Мансур не привык любоваться красотами природы. Его лицо было сосредоточенно; готовый к любым неожиданностям, он внимательно осматривался по сторонам. Молодой воин уже понял, что здешний народ не склонен к покорности. Пожалуй, еще нигде он не сталкивался со столь бешеным проявлением ненависти и гордости! Когда янычары вошли в аул, глаза горянок сверкали огнем, их лица были каменно суровы, и любое слово звучало как проклятие. Даже древние' старики и малые дети смотрели так, будто вот-вот выхватят из-за пазухи кинжал!

Мысли о жителях селения отвлекли внимание Мансура, потому он не сразу заметил внезапно возникшую на повороте девичью фигурку. Увидев янычар, девушка на мгновение замерла, затем бросилась бежать. Она явно пришла не со стороны аула, должно быть, скрывалась в горах. Джахангир-ага дал команду, и его воины бросились ловить беглянку.

Девушка неслась по тропе, как ветер, рискуя сорваться в реку; ее длинные волосы развевались плащом, а ноги мелькали так быстро, что казалось, будто они не касаются земли. Возможно, ей удалось бы убежать, если бы она не споткнулась о камень и не упала.

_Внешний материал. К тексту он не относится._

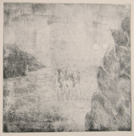 Ätzradierung, BS16; Druck: einfarbig, schwarz, auf chamoisfarbenem Velin, in 22 Bearbeitungsstufen (BS1-BS22); Motiv: Felsenlandschaft mit mittig eng zusammen stehender Menschengruppe- WV-Nr: D-oJ-4374

Девушка не успела подняться; один из янычар по имени Илькер в несколько прыжков нагнал ее и навалился сверху, пытаясь скрутить беглянке руки. Мгновение спустя он обмяк и распластался на тропе с дико вытаращенными глазами.

Черкешенка повернулась: к преследователям. Мансур навсегда запомнил этот миг. Темные глаза полны ярости и вместе с тем какого-то отчаянного, пронзительного света, губы крепко сжаты, волосы разметались по плечам, а рука сжимает окровавленный кинжал. Именно такой янычар впервые увидел Мадину.

Девушка снова бросилась бежать; на сей раз она стала спускаться по каменистой осыпи к узкой береговой кромке. Вероятно, рассчитывала скрыться за большими камнями, загромождавшими берег.

Тогда Ахмед натянул лук. Джахангир-ага одобрительно кивнул – эта дикарка зарезала их воина, стало быть, заслуживает смерти. Возможно, он и не казнил бы ее, ведь женщину можно наказать по-другому, но нельзя допустить, чтобы она сбежала! Стрела сорвалась с тетивы и просвистела в воздухе. И тут же вторая, проделав кратчайший путь, сбила первую и бессильно упала на землю. Стоявший рядом с Мансуром Бекир восхищенно присвистнул. Возмущенный ага не успел произнести ни слова: в следующий миг Мансур кинулся вниз, за беглянкой.

Девушка ловко петляла меж камней, пока путь не преградила огромная глыба, через которую нельзя было перелезть. Тогда Мадина, не колеблясь, вошла в реку. Девушка ни о чем не думала, ничего не видела и слышала только биение своего неутомимого юного сердца. Она по-прежнему не выпускала из рук кинжал. Никогда прежде Мадина не лишала человека жизни, она сделала это впервые и не испытывала ни сомнений, ни страха, ни угрызений совести – только безрассудную решимость и холодную как сталь ненависть. Давая ей оружие, Айтек не сказал, что она должна сделать, чтобы не достаться османам, – убить себя или врага. Но пока у Мадины оставалась хотя бы капля надежды на то, что ее жених жив, она не могла пронзить себя кинжалом.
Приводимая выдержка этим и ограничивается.